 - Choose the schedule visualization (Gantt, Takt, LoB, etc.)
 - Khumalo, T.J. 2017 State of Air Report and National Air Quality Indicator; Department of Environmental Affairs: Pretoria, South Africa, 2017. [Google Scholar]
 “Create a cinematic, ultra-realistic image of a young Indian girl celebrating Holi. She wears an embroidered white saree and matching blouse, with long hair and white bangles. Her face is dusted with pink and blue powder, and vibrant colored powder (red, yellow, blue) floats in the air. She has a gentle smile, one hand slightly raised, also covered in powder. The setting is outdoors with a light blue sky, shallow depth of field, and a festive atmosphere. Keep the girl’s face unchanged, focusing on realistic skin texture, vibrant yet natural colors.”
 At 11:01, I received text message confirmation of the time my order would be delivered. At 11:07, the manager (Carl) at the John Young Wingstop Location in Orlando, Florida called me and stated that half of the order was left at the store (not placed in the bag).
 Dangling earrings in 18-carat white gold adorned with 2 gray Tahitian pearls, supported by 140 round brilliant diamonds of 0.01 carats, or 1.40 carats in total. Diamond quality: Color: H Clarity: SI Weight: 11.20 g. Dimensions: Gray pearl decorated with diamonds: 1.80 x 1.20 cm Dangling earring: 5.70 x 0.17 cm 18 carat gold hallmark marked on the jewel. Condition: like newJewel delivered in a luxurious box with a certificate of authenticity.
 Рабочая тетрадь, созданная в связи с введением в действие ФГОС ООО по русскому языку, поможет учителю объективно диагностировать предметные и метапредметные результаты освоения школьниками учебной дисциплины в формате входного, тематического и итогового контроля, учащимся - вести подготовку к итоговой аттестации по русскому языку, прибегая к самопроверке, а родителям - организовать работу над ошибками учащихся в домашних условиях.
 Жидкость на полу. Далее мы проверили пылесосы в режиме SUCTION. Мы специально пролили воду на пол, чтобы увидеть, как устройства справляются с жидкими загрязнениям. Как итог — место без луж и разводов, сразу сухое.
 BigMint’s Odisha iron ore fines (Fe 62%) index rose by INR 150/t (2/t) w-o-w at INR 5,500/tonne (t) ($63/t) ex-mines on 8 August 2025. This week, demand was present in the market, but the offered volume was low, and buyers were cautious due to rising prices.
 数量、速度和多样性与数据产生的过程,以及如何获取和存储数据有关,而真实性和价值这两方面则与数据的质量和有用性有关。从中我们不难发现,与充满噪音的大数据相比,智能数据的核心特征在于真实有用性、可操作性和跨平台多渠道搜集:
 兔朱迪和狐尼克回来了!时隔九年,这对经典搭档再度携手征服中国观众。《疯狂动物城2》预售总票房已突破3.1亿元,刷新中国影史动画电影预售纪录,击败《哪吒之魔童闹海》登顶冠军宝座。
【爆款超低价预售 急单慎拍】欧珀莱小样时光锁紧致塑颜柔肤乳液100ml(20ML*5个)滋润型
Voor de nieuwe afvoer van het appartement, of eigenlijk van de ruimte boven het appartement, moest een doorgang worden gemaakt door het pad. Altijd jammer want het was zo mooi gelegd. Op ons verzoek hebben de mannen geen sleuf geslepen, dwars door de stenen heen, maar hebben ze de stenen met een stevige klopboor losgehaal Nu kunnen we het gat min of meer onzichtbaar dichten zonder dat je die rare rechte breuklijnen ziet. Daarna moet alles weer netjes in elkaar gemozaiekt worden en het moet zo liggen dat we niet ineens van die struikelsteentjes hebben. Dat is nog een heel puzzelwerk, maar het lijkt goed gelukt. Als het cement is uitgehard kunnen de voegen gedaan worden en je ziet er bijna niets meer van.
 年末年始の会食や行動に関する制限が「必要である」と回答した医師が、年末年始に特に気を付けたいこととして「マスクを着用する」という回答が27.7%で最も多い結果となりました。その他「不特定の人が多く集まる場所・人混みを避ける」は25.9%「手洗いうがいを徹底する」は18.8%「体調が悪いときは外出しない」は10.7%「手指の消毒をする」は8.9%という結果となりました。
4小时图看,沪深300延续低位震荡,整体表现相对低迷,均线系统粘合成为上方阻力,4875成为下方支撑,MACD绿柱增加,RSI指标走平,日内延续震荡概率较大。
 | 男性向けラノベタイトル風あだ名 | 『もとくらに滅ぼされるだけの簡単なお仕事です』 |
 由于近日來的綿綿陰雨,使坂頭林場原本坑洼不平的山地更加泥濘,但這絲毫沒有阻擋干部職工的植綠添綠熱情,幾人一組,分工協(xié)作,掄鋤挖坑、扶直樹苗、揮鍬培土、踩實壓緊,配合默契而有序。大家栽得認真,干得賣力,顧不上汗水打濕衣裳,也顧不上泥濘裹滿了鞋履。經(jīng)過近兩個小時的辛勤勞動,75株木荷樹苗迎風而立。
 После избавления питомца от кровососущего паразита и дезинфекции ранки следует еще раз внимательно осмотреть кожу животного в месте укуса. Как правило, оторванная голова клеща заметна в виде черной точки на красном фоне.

***

■ **Task to carry out**
Would you copy out each record precisely as it stands?

■ **Expected answer**
 - Choose the schedule visualization (Gantt, Takt, LoB, etc.)
 - Khumalo, T.J. 2017 State of Air Report and National Air Quality Indicator; Department of Environmental Affairs: Pretoria, South Africa, 2017. [Google Scholar]
 “Create a cinematic, ultra-realistic image of a young Indian girl celebrating Holi. She wears an embroidered white saree and matching blouse, with long hair and white bangles. Her face is dusted with pink and blue powder, and vibrant colored powder (red, yellow, blue) floats in the air. She has a gentle smile, one hand slightly raised, also covered in powder. The setting is outdoors with a light blue sky, shallow depth of field, and a festive atmosphere. Keep the girl’s face unchanged, focusing on realistic skin texture, vibrant yet natural colors.”
 At 11:01, I received text message confirmation of the time my order would be delivered. At 11:07, the manager (Carl) at the John Young Wingstop Location in Orlando, Florida called me and stated that half of the order was left at the store (not placed in the bag).
 Dangling earrings in 18-carat white gold adorned with 2 gray Tahitian pearls, supported by 140 round brilliant diamonds of 0.01 carats, or 1.40 carats in total. Diamond quality: Color: H Clarity: SI Weight: 11.20 g. Dimensions: Gray pearl decorated with diamonds: 1.80 x 1.20 cm Dangling earring: 5.70 x 0.17 cm 18 carat gold hallmark marked on the jewel. Condition: like newJewel delivered in a luxurious box with a certificate of authenticity.
 Рабочая тетрадь, созданная в связи с введением в действие ФГОС ООО по русскому языку, поможет учителю объективно диагностировать предметные и метапредметные результаты освоения школьниками учебной дисциплины в формате входного, тематического и итогового контроля, учащимся - вести подготовку к итоговой аттестации по русскому языку, прибегая к самопроверке, а родителям - организовать работу над ошибками учащихся в домашних условиях.
 Жидкость на полу. Далее мы проверили пылесосы в режиме SUCTION. Мы специально пролили воду на пол, чтобы увидеть, как устройства справляются с жидкими загрязнениям. Как итог — место без луж и разводов, сразу сухое.
 BigMint’s Odisha iron ore fines (Fe 62%) index rose by INR 150/t (2/t) w-o-w at INR 5,500/tonne (t) ($63/t) ex-mines on 8 August 2025. This week, demand was present in the market, but the offered volume was low, and buyers were cautious due to rising prices.
 数量、速度和多样性与数据产生的过程,以及如何获取和存储数据有关,而真实性和价值这两方面则与数据的质量和有用性有关。从中我们不难发现,与充满噪音的大数据相比,智能数据的核心特征在于真实有用性、可操作性和跨平台多渠道搜集:
 兔朱迪和狐尼克回来了!时隔九年,这对经典搭档再度携手征服中国观众。《疯狂动物城2》预售总票房已突破3.1亿元,刷新中国影史动画电影预售纪录,击败《哪吒之魔童闹海》登顶冠军宝座。
【爆款超低价预售 急单慎拍】欧珀莱小样时光锁紧致塑颜柔肤乳液100ml(20ML*5个)滋润型
Voor de nieuwe afvoer van het appartement, of eigenlijk van de ruimte boven het appartement, moest een doorgang worden gemaakt door het pad. Altijd jammer want het was zo mooi gelegd. Op ons verzoek hebben de mannen geen sleuf geslepen, dwars door de stenen heen, maar hebben ze de stenen met een stevige klopboor losgehaal Nu kunnen we het gat min of meer onzichtbaar dichten zonder dat je die rare rechte breuklijnen ziet. Daarna moet alles weer netjes in elkaar gemozaiekt worden en het moet zo liggen dat we niet ineens van die struikelsteentjes hebben. Dat is nog een heel puzzelwerk, maar het lijkt goed gelukt. Als het cement is uitgehard kunnen de voegen gedaan worden en je ziet er bijna niets meer van.
 年末年始の会食や行動に関する制限が「必要である」と回答した医師が、年末年始に特に気を付けたいこととして「マスクを着用する」という回答が27.7%で最も多い結果となりました。その他「不特定の人が多く集まる場所・人混みを避ける」は25.9%「手洗いうがいを徹底する」は18.8%「体調が悪いときは外出しない」は10.7%「手指の消毒をする」は8.9%という結果となりました。
4小时图看,沪深300延续低位震荡,整体表现相对低迷,均线系统粘合成为上方阻力,4875成为下方支撑,MACD绿柱增加,RSI指标走平,日内延续震荡概率较大。
 | 男性向けラノベタイトル風あだ名 | 『もとくらに滅ぼされるだけの簡単なお仕事です』 |
 由于近日來的綿綿陰雨,使坂頭林場原本坑洼不平的山地更加泥濘,但這絲毫沒有阻擋干部職工的植綠添綠熱情,幾人一組,分工協(xié)作,掄鋤挖坑、扶直樹苗、揮鍬培土、踩實壓緊,配合默契而有序。大家栽得認真,干得賣力,顧不上汗水打濕衣裳,也顧不上泥濘裹滿了鞋履。經(jīng)過近兩個小時的辛勤勞動,75株木荷樹苗迎風而立。
 После избавления питомца от кровососущего паразита и дезинфекции ранки следует еще раз внимательно осмотреть кожу животного в месте укуса. Как правило, оторванная голова клеща заметна в виде черной точки на красном фоне.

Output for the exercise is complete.